Фай медленно, каким-то образом почти целомудренно в этом белом нежном шёлке и столь притягательно в то же время, двигался перед ним под тихие напевы мелодии, которую Курогане то ли в самом деле слышал у себя в ушах, то ли та чудилась ему в бормотании дождя снаружи. Последнюю неделю-две он зачастил; в отсутствие ветра вода лилась на землю сплошной стеной. На нижних этажах дворца в некоторых его коридорах и переходах разросшиеся папоротники теперь практически забирались внутрь.

Преображения природы сообразно очередному сезону. То, как изо дня в день менялись отношения принцессы и мальчишки-археолога, что не выходило не замечать; как были всё время погружены в какие-то свои дела. Всё это вынудило Курогане постепенно признать, что время в Клоу застыло лишь для них.

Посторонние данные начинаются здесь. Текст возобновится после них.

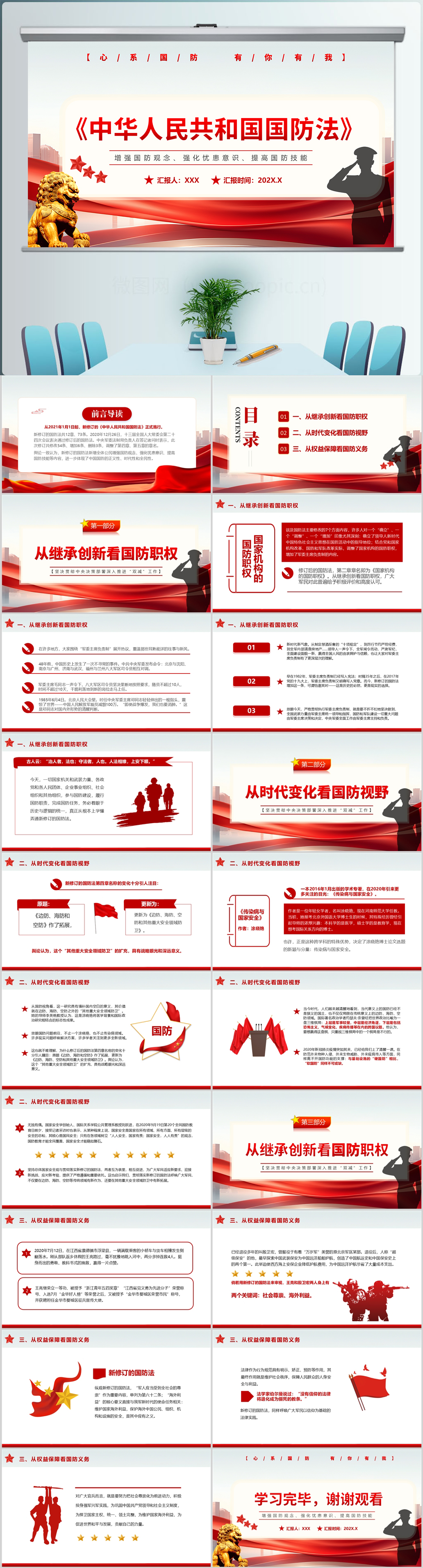 从三大视角解读国防法提高国防教育日党课ppt模板

Он и сам был бы не прочь оставить всё, как есть. По крайней мере, существовавший в том месте и в том мгновении времени, тот Курогане был не прочь оставить всё, как есть. Такая жизнь ощущалась слишком близко к тому, что его бы в конечном итоге устроило. Он нашёл это ощущение совсем не там, где ожидал найти. Всю жизнь до сих пор Курогане ревностно защищал некий замысел, когда-то родившийся внутри него, который определял его роль, предназначение в жизни, всё то, во что он верил... От чего он так легко отказался, не испытывая при этом ничего. Безразличие, и даже обнаружив его в себе, отреагировал на него столь же безразлично. Самокопание было Курогане не свойственно. Если отныне он желал этого – ну и пускай. Он засыпал и просыпался всегда одним и тем же человеком – а значит, всякое желание, существовавшее в его сердце, было его собственным, и неважно, появилось ли оно там только вчера или давным-давно.

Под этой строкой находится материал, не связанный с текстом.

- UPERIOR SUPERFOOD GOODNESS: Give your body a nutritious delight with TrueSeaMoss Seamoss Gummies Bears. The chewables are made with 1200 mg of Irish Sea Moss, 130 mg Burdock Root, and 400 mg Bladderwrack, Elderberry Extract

Потому два месяца даже не отпечатались в его памяти как хоть сколько-нибудь длительный срок. Он попрекал Фая тем, как легко тот поддавался самообману, но сам недалеко от него ушёл. Только когда в один день Шаоран сообщил, что его группа начинает готовиться к новой экспедиции – только тогда взор Курогане немного прояснился.

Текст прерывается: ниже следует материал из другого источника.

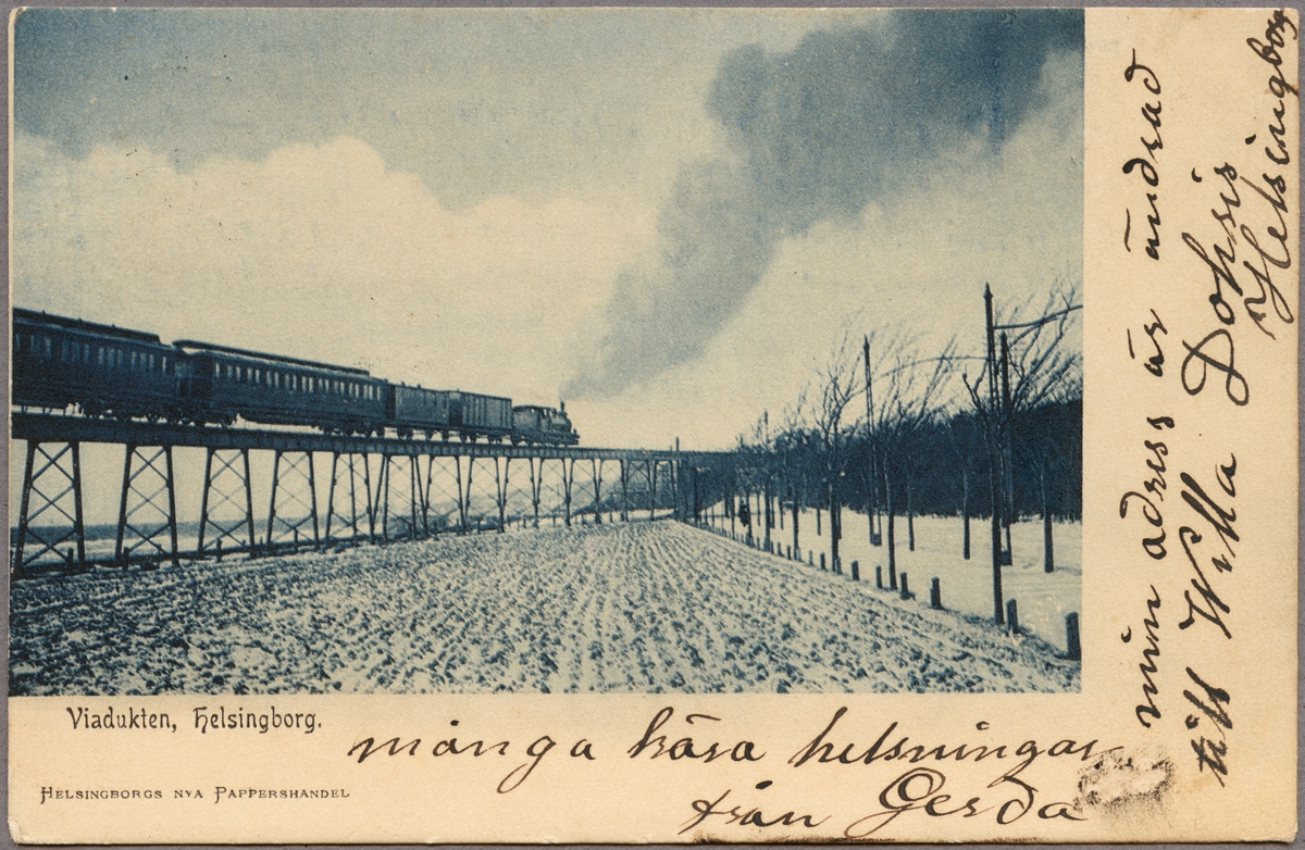 Tågset på den nybyggda viadukten, på bandelen Helsingborg-Ängelholm.

На этом клочке обжитой земли посреди простирающегося на долгие мили вокруг сплошного «ничто», они были вдали от всего. Вселенная сжалась до размеров единственного города, но если в том же Смарагдосе Курогане себя когда-то чувствовал, как рыба в аквариуме, то здесь он вдыхал свободно гуляющий от одного края бесконечности до другого ветер, кроме которого – ветра и песка – на свете больше не было ничего. Сейчас ничто не нарушало иллюзии, что они могли бы провести здесь вот так остаток жизни. Но во дворце они оставались в безопасности, на правах гостей – лишь покуда не шла речь о том, что это продлится дольше какого-то смехотворного в масштабе этой жизни срока.

Время в Клоу шло, как и везде, независимо от того, как воспринималось ими; и Курогане оставался твёрд в убеждении, что они должны отправиться дальше прежде, чем в один прекрасный момент его течение разрушит этот мираж спокойной, размеренной повседневности, отправив их в свободное падение. Он знал, что всё то же самое, при должном его устремлении, уготовано ему, но другом месте.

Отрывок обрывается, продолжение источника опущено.